The technical amendment included in the CARES Act corrects this error by changing the depreciable life of QIP from 39 years to 15 years, which renders QIP eligible for 100% bonus deprecation under IRC 168(k). QIP is therefore 100% deductible in the year the QIP is placed in service.

This CARES Act fix applies retroactively to January 1, 2018, with the following ramifications:

  • Taxpayers who constructed QIP in 2019 and who have notfiled their 2019 federal income tax returns can claim the 100% bonus depreciation in their 2019 federal return. The revised initial filing deadline of July 15, 2020, pursuant to Notice 2020-18, should provide many taxpayers with additional time to identify assets and make adjustments. Taxpayers who have already filed their 2019 tax returns treating QIP as 39-year property may amend their 2019 return to claim the bonus depreciation.
  • Taxpayers who constructed QIP in 2018 and who havefiled their 2018 tax return treating QIP as 39-year property should consider amending those returns to claim the bonus depreciation. For C corporations, in particular, claiming the bonus depreciation on an amended return can potentially generate net operating losses (NOLs) which can be carried back five years under new NOL provisions also included in the CARES Act. This can be very valuable for tax years prior to 2019 when corporate tax rates were 35%. This is true even though the carryback losses were generated in years when the corporate tax rate was 21%.
  • If the QIP amendment results in an NOL in 2018 or 2019, the IRS has extended the time within which to file an Application for a Tentative Allowance, Form 1045 for individuals and Form 1139 for corporations, for 2018 to June 30, 2020. The deadline for filing an Application for a Tentative Allowance for a 2019 NOL is December 31, 2020.
  • Alternatively, in lieu of amending their 2018 return, taxpayers may file, with their 2019 return, a Form 3115, Application for Change in Accounting Method, to take advantage of the new favorable treatment and claim the missed depreciation. The Form 3115 would reflect a favorable Section 481(a) adjustment computed as if QIP had been eligible for the 100% bonus depreciation, thereby creating the same benefit as if an amended return had been filed, but in the current year, without the administrative burdens. The determination of whether to amend a 2018 tax return or file an automatic method change in 2019 must be made considering each taxpayer’s individual situation.
  • Expensing is available to taxpayers who have not previously elected out of the interest deduction limitations under section 163(j), which limits interest deductions to 50% of income. Taxpayers may have to re-evaluate any section 163(j) election when considering whether to accelerate depreciation for QIP.
  • With regard to filing amended returns by entities taxed as partnerships, the IRS is allowing partnerships subject to the centralized partnership audit provisions to file an amended partnership return for 2018 or 2019 to take advantage of beneficial tax provisions in the CARES Act. The IRS announced in Notice 2020-23 that such partnerships, which are generally prohibited from filing an amended return, may file an amended partnership return for 2018 or 2019 to take advantage of the CARES Act provisions.
  • Revenue Procedure 2020-25 provides detailed guidance on claiming the missed depreciation now allowed under the CARES Act for 2018, 2019, and 2020.

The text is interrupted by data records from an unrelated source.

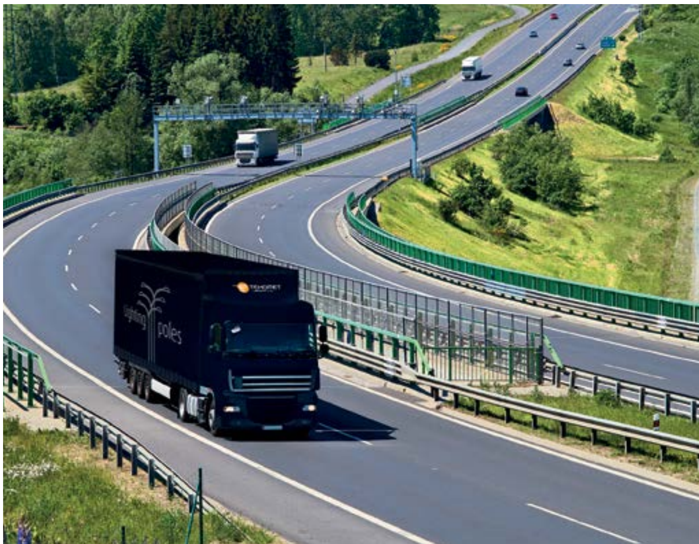
Transport houten masten

Lichtmasten worden in meeste gevallen per vrachtwagen getransporteerd. Vanwege praktische reden verdient het aanbeveling om de nominale mastlengte af te stemmen op de maximale lengte van het transport (vrachtwagen). Zeker als de lichtmasten uit het buitenland komen kunnen de transportkosten aanzienlijk zijn als uitgeschoven opleggers gebruikt dienen te worden.
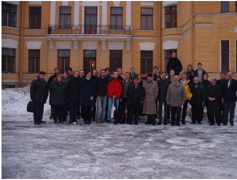
Teilnehmer der ersten Deutsch-Russischen Student School 2003 in St. Petersburg vor dem Euler-Institut
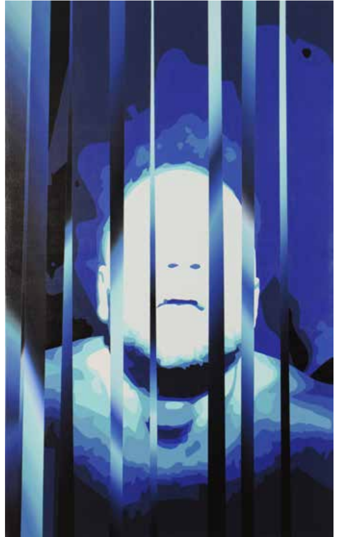
Husmeando en la luz - 2016 - Acrílico s/tela - 180 x 110 cm.
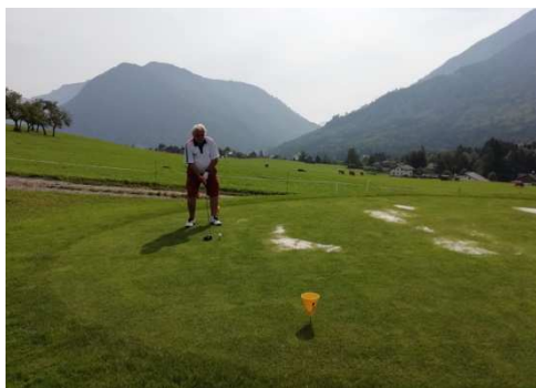
Golfové hřiště Bad Aussee

V Rakousku je spousta krásných golfových hřišť, tak i naši účastníci vyrazili na golf.
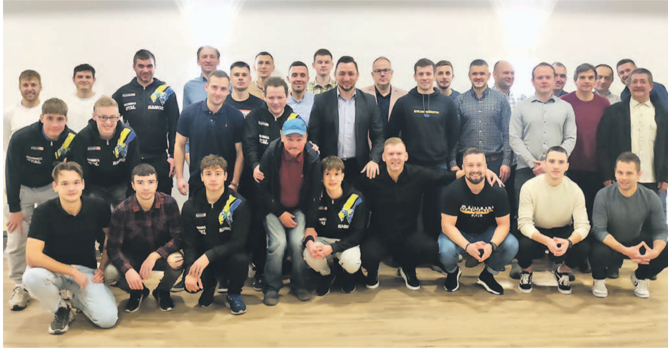
Rundę jesienną sezonu 2022/23 stalowcy podsumowali okolicznościowym spotkaniem w Sali Bankietowej „Karpacka”. Należała im się chwila relaksu, bo na półmetku rozgrywek są liderem z dorobkiem aż 43 punktów

Zdajemy sobie sprawę, że to dopiero połowa drogi i nikt nam nie ułatwi zadania w rundzie rewanżowej. Będziemy chcieli przede wszystkim dobrze przygotować się do drugiej części sezonu. Dobrze byłoby jeszcze wzmocnić zespół, bo na pewno nadejdą absencje z kartki i musimy być przygotowani na wszelkie nieprzewidywalne sytuacje. Ze swojej strony oraz w imieniu drużyny chciałbym bardzo podziękować kibicom za doping i już dziś zaprosić na mecze w rundzie wiosennej – powiedział trener stalowców.
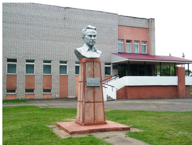
Музей А. Фадеева в Чугуевке
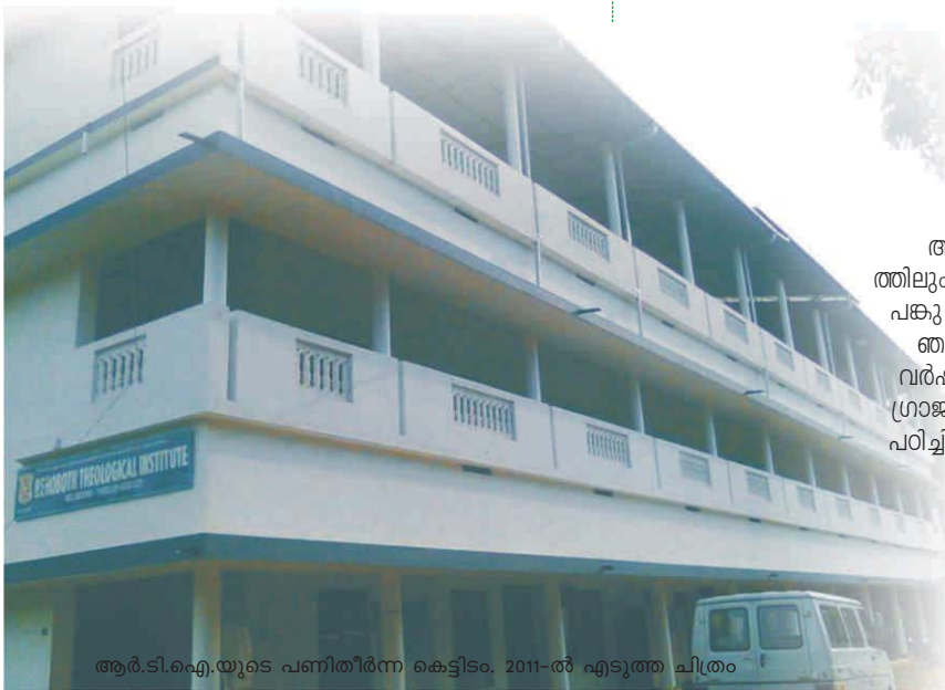
ആർ.ടി.ഐ.യുടെ പണിതീർന്ന കെട്ടിടം. 2011-ൽ എടുത്ത ചിത്രം

ആർ.ടി.ഐ.യുടെ സ്ഥാപനത്തിലും വളർച്ചയിലും ചെറിയ ഒരു പങ്കു വഹിക്കുവാനിടയായതിൽ ഞങ്ങൾ സന്തോഷിതരാണ്. ഈ വർഷം അഞ്ചാമത്തെ ബാച്ചാണ് ഗ്രാജുവേറ്റ് ചെയ്യുന്നത്. അവിടെ പഠിച്ചിറങ്ങുന്ന എല്ലാവരും തന്നെ ആത്മീയ ശുശ്രൂഷാരംഗത്ത് ശോഭിക്കുന്നു.
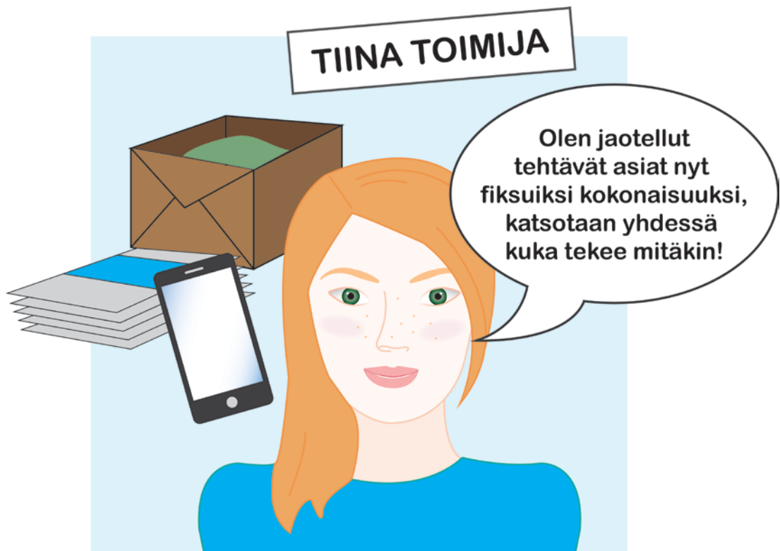
Kuva 4. Toimintaa vetävän persoonakuva
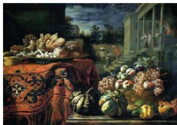
تصویر ۶- پیر فرانچسکو چیتادینی، طبیعت بی جان، (۴)، رنگ روغن روی بوم، تریسته: موزه تاریخ و هنر (Ibid: 239).

Legal disclaimer: The information in this article (i) is provided for general informational purposes only, (ii) is not provided in the course of and does not create or constitute an attorney-client relationship, (iii) is not intended as a solicitation, (iv) is not intended to convey or constitute legal advice, and (v) is not a substitute for obtaining legal advice from a qualified attorney. You should not act upon any of the information in this article without first seeking qualified professional counsel on your specific matter.